5. Par ailleurs, quand bien même M. A... produit deux certificats médicaux établissant que son état de santé nécessite une alimentation régulière et équilibrée et qu'il résulte de l'instruction qu'il n'a pas pu disposer durant son séjour dans plusieurs établissements pénitentiaires de plaques chauffantes individuelles fonctionnelles, il ne justifie pas de manière non sérieusement contestable, faute en particulier de tout justificatif d'une dégradation significative de son état de santé et du caractère fréquent de l'absence de repas servis chauds dans les établissements pénitentiaires dans lesquels il a été incarcéré, de conditions de détention qui porteraient atteinte à la dignité humaine du seul fait qu'il n'a pas pu disposer de cet équipement optionnel.
6. En outre, si M. A... soutient qu'il n'aurait pas pu appeler sa famille à la suite du décès de son père, il ne l'établit pas, ni, en tout état de cause que cette circonstance n'aurait pas été justifiée par son propre comportement.

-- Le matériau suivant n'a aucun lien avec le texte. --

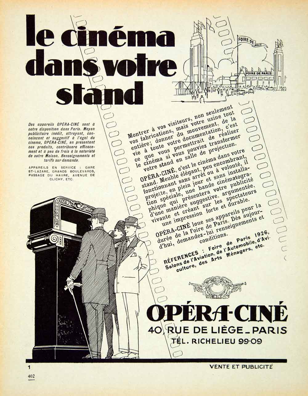 This is an original 1927 monochrome lithograph ad for the amazing advertising device produced by Opéra-Ciné. Although located at 40 rue de Liège, Paris, they were also lending their machines to booths at the Paris Fair.
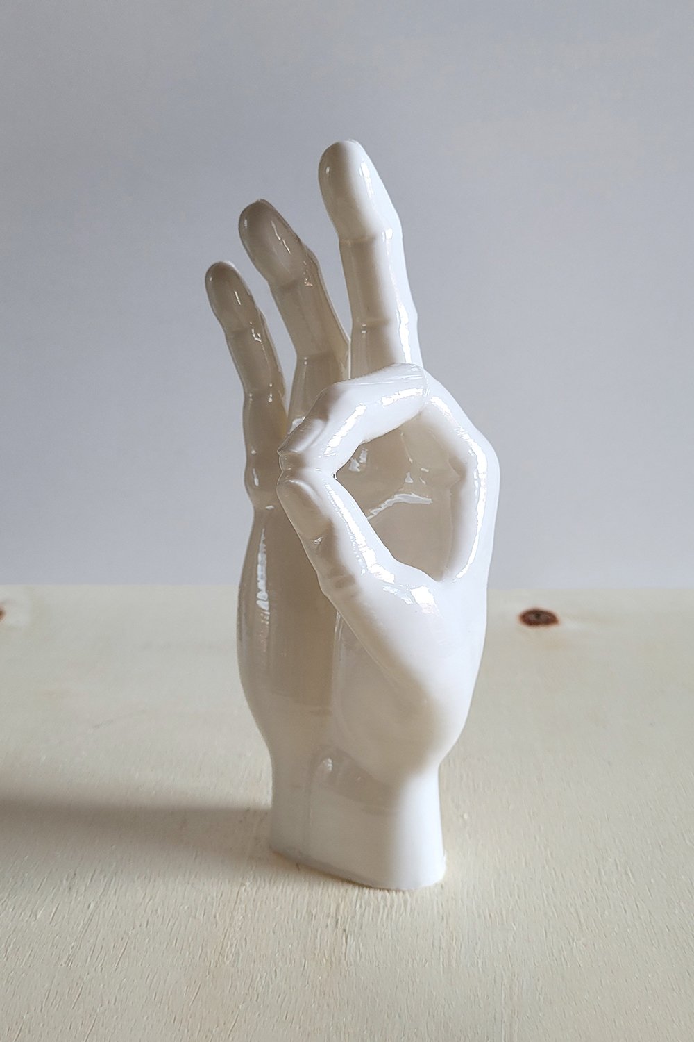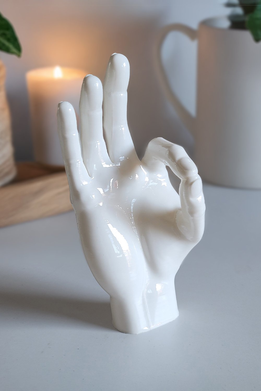Bu özel biopolimerden üretilmiş Okay el figürü, pozitif enerji ve onayın sembolü olarak evinize anlam katıyor. 20 cm yüksekliğindeki bu heykel, çevre dostu malzemesi ve modern tasarımıyla, dekorasyonunda farklılık ve pozitif bir dokunuş arayanlar için ideal bir parça. Hem şık hem de anlam dolu bu aksesuarla evinizi süsleyin
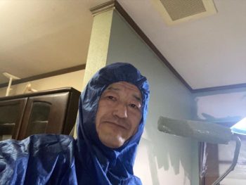ローラー塗装は回転により塗料は跳ねる事があり服が汚れるので保護服を着て作業しました。
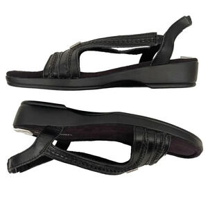 Minnetonka Open Toe Leather Sandal Size 8 Black Comfort 799972

Il résulte de l'instruction qu'il a bénéficié de trois visites pendant sa période de détention à Argentan et il n'est pas établi que le nombre de ses transfèrements serait justifié par d'autre motifs que les contraintes qu'implique le maintien de la sécurité et du bon ordre dans les établissements pénitentiaires et son propre comportement. Et, à supposer même que certains de ces transfèrements soient irréguliers, cette circonstance n'est pas de nature à caractériser les conditions indignes de détention alléguées par M. A..., ni même une atteinte disproportionnée à son droit au respect de la vie privée et familiale au sens de l'article 8 de la convention européenne de sauvegarde des droits de l'homme et des libertés fondamentales.
7. Enfin, il ne résulte pas de l'instruction que l'administration pénitentiaire aurait refusé à M. A... le droit de travailler sans motif valable, alors notamment que la commission pluridisciplinaire unique (CPU) a émis des avis défavorables à ses demandes de travail en raison de son attitude en détention.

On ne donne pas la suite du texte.